__DATASET SECTION__.

□ □ □

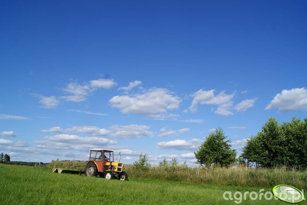 Ursus C-325 współpracuje z kosiarką bębnową Samasz Z010 podczas koszenia łąki, wykorzystując pełnię możliwości lekkiego, klasycznego ciągnika z lat produkcji 1963–1967. Maszyna napędzana jest 3-cylindrowym silnikiem wysokoprężnym S-312C o pojemności 1960 cm³ i mocy około 25 KM, przekazywanej na koła oraz WOM poprzez mechaniczną skrzynię biegów 6/2, co pozwala dobrać odpowiednią prędkość roboczą do gęstej runi. Masa własna ciągnika na poziomie około 1900 kg zapewnia stabilność agregatu z kosiarką, a tylny TUZ o udźwigu rzędu 800–900 kg bez problemu utrzymuje zawieszoną Z010 podczas podnoszenia na uwrociach. Prosta konstrukcja układu napędowego WOM ułatwia współpracę z kosiarką Samasz, szeroko stosowaną w małych i średnich gospodarstwach. Przybliżone ceny rynkowe zadbanych Ursusów C-325 w Polsce mieszczą się obecnie w przedziale 15–30 tys. zł w zależności od stanu i poziomu renowacji.
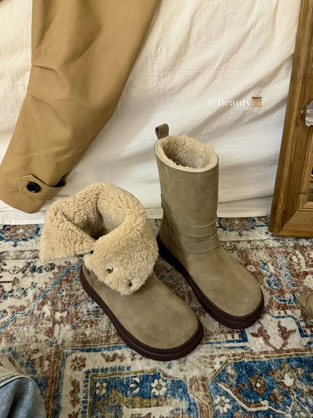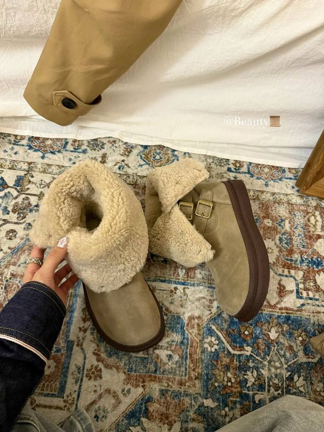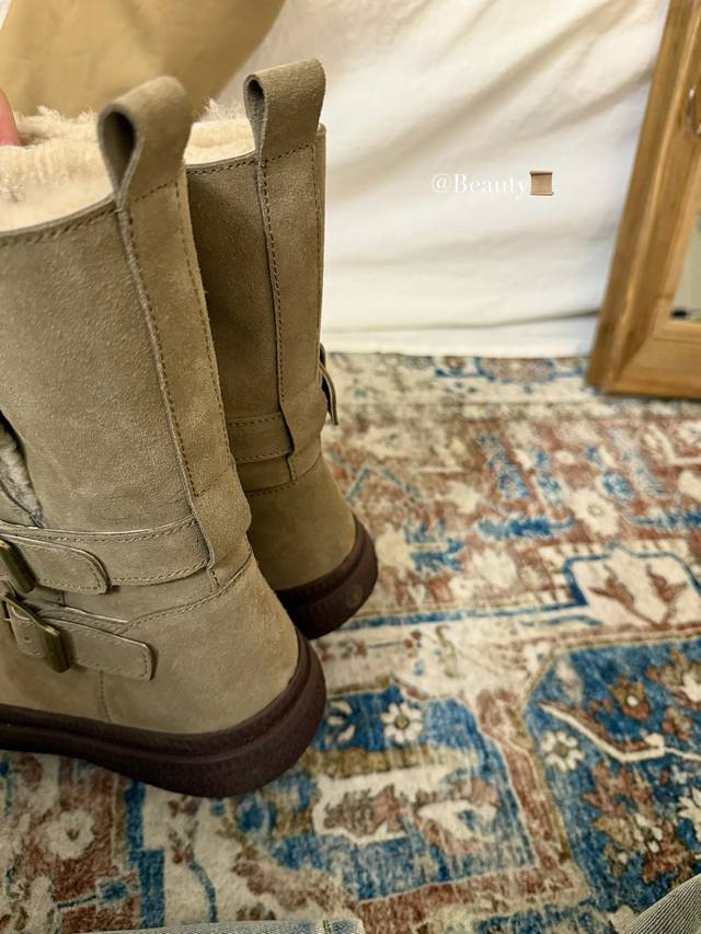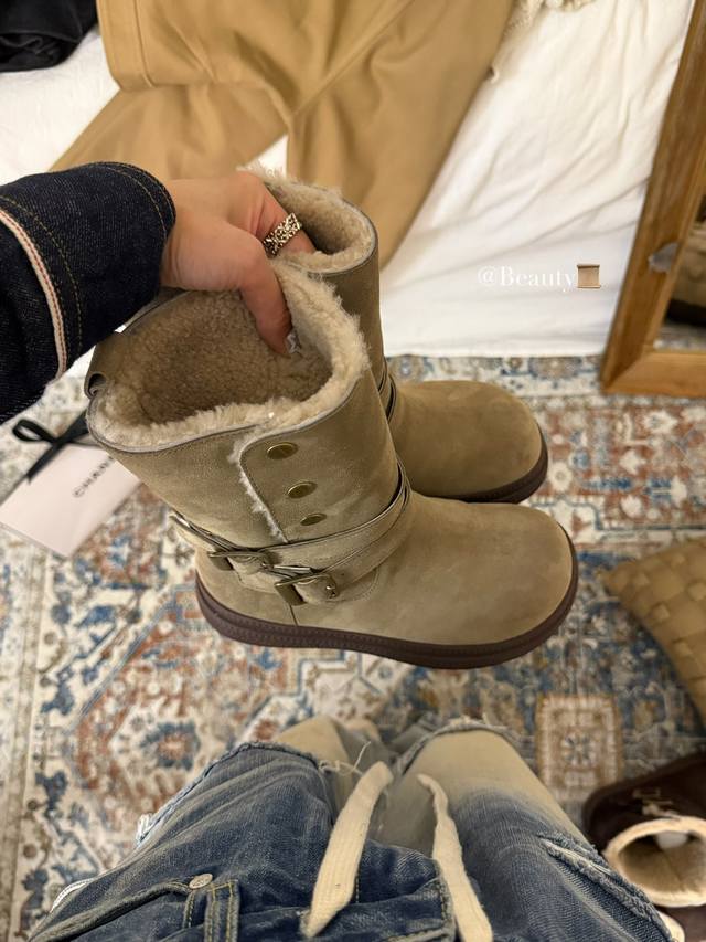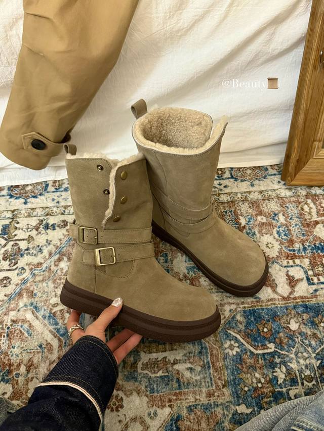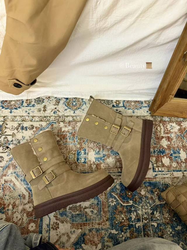 The perfect autumn/winter ritual comes from these motorcycle-style snow boots! The combination of cowhide and metal buckles is amazing
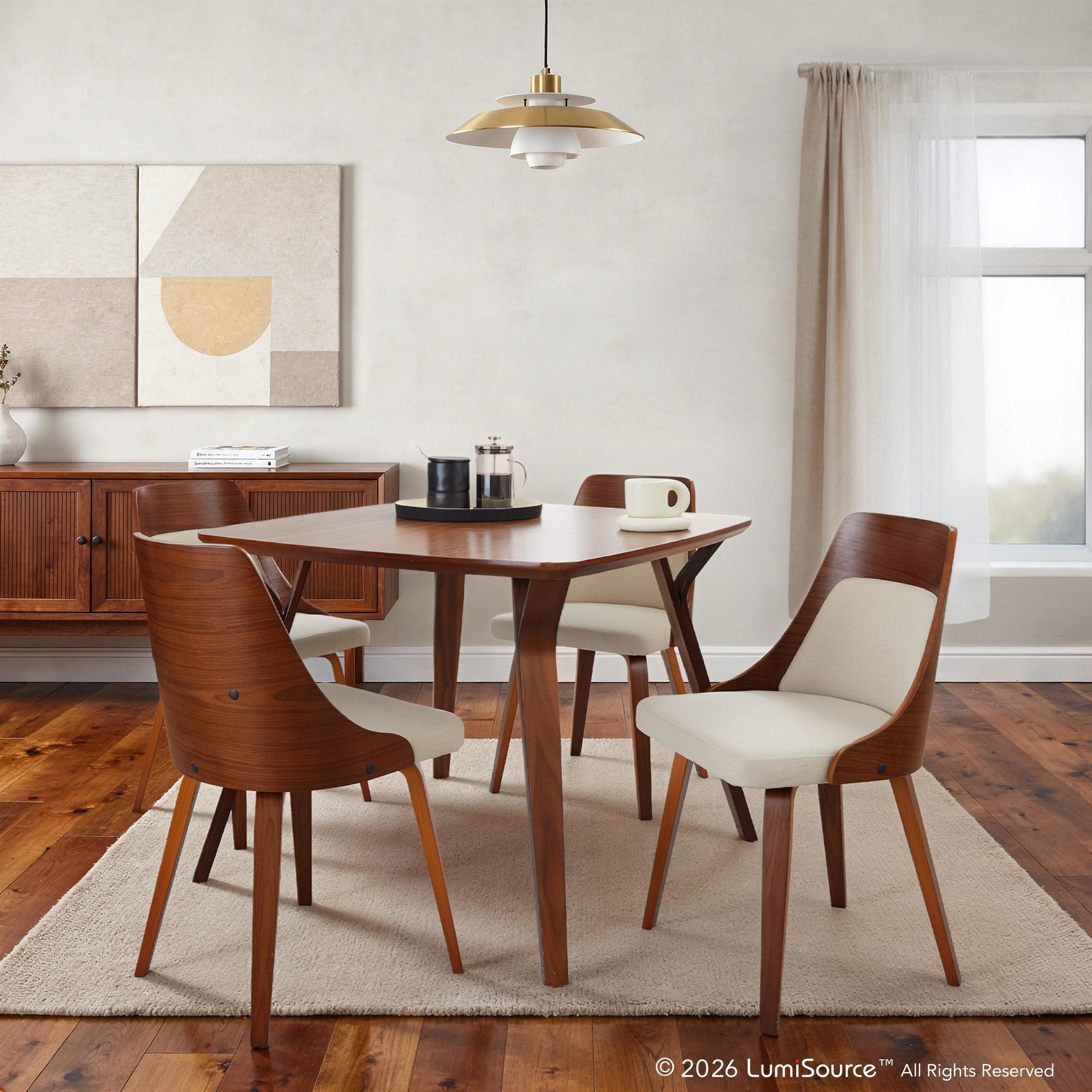 Pull up a seat to your Mid-Century inspired space and enjoy the beauty of the Anabelle Dining Chair by LumiSource. A combination of natural bent wood and padded upholstery, the Anabelle Dining Chair is oh-so stylish! Available in various colors and upholstery, choose the color that ties in with your decor.

□ □ □

__WORK TO BE COMPLETED__. Apart from the images, retype the full material exactly as written.

__ANSWER SECTION__.
 Ursus C-325 współpracuje z kosiarką bębnową Samasz Z010 podczas koszenia łąki, wykorzystując pełnię możliwości lekkiego, klasycznego ciągnika z lat produkcji 1963–1967. Maszyna napędzana jest 3-cylindrowym silnikiem wysokoprężnym S-312C o pojemności 1960 cm³ i mocy około 25 KM, przekazywanej na koła oraz WOM poprzez mechaniczną skrzynię biegów 6/2, co pozwala dobrać odpowiednią prędkość roboczą do gęstej runi. Masa własna ciągnika na poziomie około 1900 kg zapewnia stabilność agregatu z kosiarką, a tylny TUZ o udźwigu rzędu 800–900 kg bez problemu utrzymuje zawieszoną Z010 podczas podnoszenia na uwrociach. Prosta konstrukcja układu napędowego WOM ułatwia współpracę z kosiarką Samasz, szeroko stosowaną w małych i średnich gospodarstwach. Przybliżone ceny rynkowe zadbanych Ursusów C-325 w Polsce mieszczą się obecnie w przedziale 15–30 tys. zł w zależności od stanu i poziomu renowacji.
 The perfect autumn/winter ritual comes from these motorcycle-style snow boots! The combination of cowhide and metal buckles is amazing
 Pull up a seat to your Mid-Century inspired space and enjoy the beauty of the Anabelle Dining Chair by LumiSource. A combination of natural bent wood and padded upholstery, the Anabelle Dining Chair is oh-so stylish! Available in various colors and upholstery, choose the color that ties in with your decor.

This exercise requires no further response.